Dua poin utama kesepakatan: 1) emas- emas milik negara-negara Timur (Asia) akan diserahkan kepada Federal Reserve untuk dikelola dalam program-program kemanusiaan, dan 2) negara-negara Asia menerima obligasi dan sertifikat emas sebagai tanda kepemilikan dan pertukaran. Negara-negara yang terlibat antara lain Indonesia, Cina dan Filipina.
Beberapa tahun kemudian, Soekarno mulai mencium adanya persekongkolan busuk yang dilakukan para bankir Yahudi. Kesepakatan antara Negara-negara Timur dengan Barat ternyata tidak dijalankan sebagaimana mestinya, tak ada program-program kemanusiaan yang dijalankan menggunakan kolateral tersebut. Soekarno protes keras dan segera menyadari negara-negara Timur telah ditipu oleh Bankir Internasional.
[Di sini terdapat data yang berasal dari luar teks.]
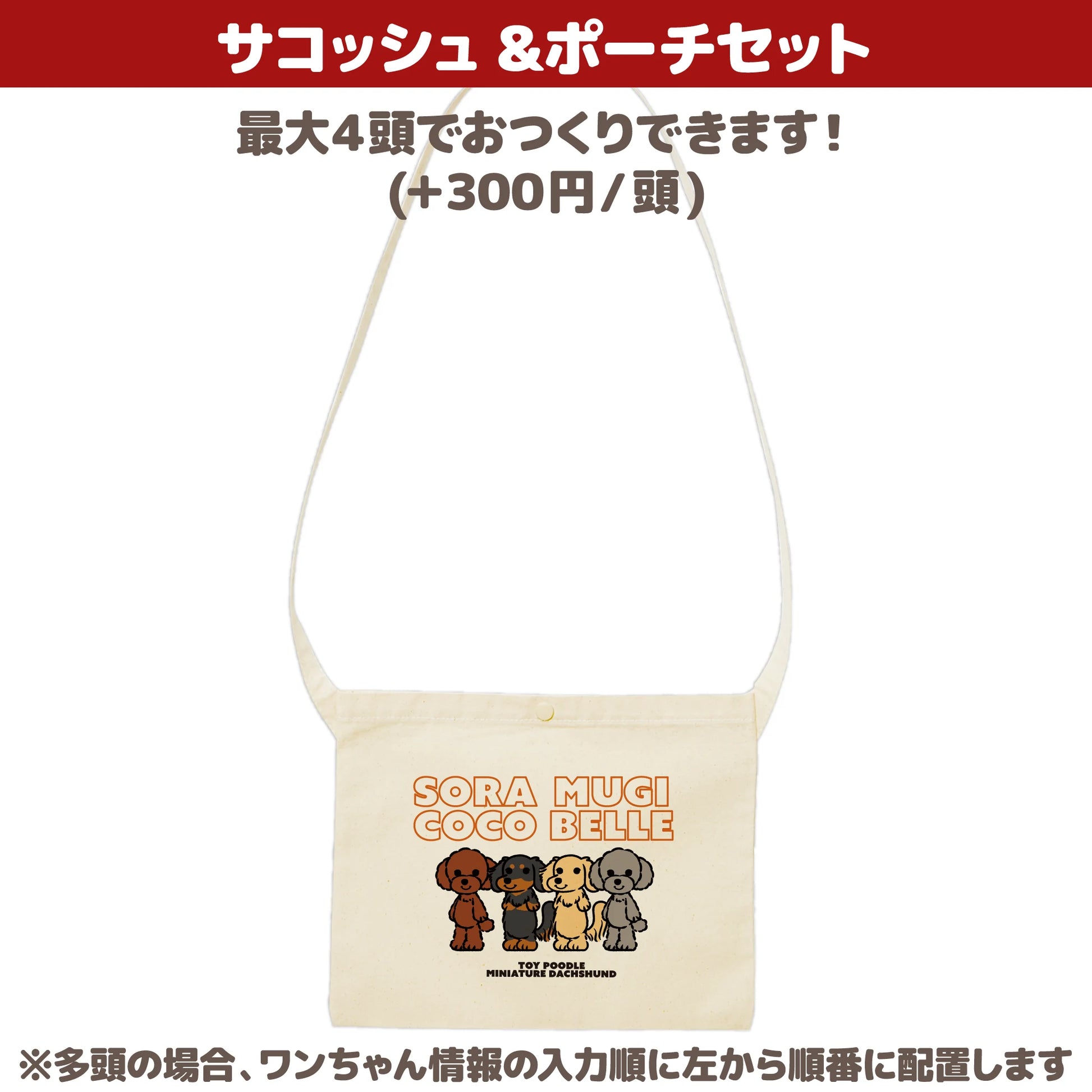 ※セットの場合、サコッシュとポーチに使用する犬種・お名前・カラーは共通となります。

Tahun 1963 Soekarno akhirnya membatalkan perjanjian dengan para bankir Yahudi. Pemerintah Amerika kemudian melobi Soekarno untuk mengalihkan hak kelola emas tersebut kepada Amerika Serikat. Saat itu Amerika sedang terjerat utang besar-besaran setelah terlibat perang dunia. Presiden Kennedy menginginkan negara mencetak uang tanpa utang. Ia berusaha meyakinkan Soekarno dengan membayar bunga 2,5% per tahun dari nilai emas yang digunakan dan mulai berlaku 2 tahun setelah perjanjian ditandatangani.
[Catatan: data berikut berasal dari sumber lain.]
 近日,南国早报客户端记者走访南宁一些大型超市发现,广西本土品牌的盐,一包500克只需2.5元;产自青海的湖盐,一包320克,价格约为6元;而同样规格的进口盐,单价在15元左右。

Tidak lama setelah penandatanganan perjanjian tersebut, Presiden Kennedy ditembak mati, menyusul kemudian Soekarno ditumbangkan oleh gerakan Orde Baru yang didalangi CIA. Tangan-tangan gelap bankir Yahudi kemudian memindahkan kolateral emas tersebut ke International Collateral Combined Accounts for Global Debt Facility di bawah pengawasan OITC (The Office of International Treasury Control) yang semuanya dikuasai oleh bankir Yahudi. Perjanjian itu tidak pernah efektif sampai saat Soekarno jatuh sakit dan tidak lagi mengurusnya hingga meninggal dunia.
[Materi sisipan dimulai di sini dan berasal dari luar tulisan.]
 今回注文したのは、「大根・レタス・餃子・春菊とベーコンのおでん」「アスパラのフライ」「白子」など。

Sampai hari ini, tidak satu rupiah pun dari bunga dan nilai pokok aset tersebut dibayarkan pada rakyat Indonesia melalui pemerintah, sesuai perjanjian yang telah disepakati. Padahal AS telah menggunakan emas milik Indonesia sebagai kolateral dalam mencetak dollar. Ada informasi yang menjelaskan bahwa salah satu syarat pencairan emas melalui persetujuan Sri Paus (The Pope), petinggi Katolik di Vatikan, Italia. Keberadaan emas-emas itu juga sulit dilacak rimbanya. Tak ada pembahasan panjang mengenai ini, baik dari kalangan pemerintah maupun para pengamat.
Terlepas dari pembahasan panjang di awal, ada banyak kalangan yang menyatakan bahwa dokumen perjanjian ini palsu. Analisis tanda tangan, tanggal pembuatan serta stempel yang ada di dokumen tidak bisa dipertanggungjawabkan.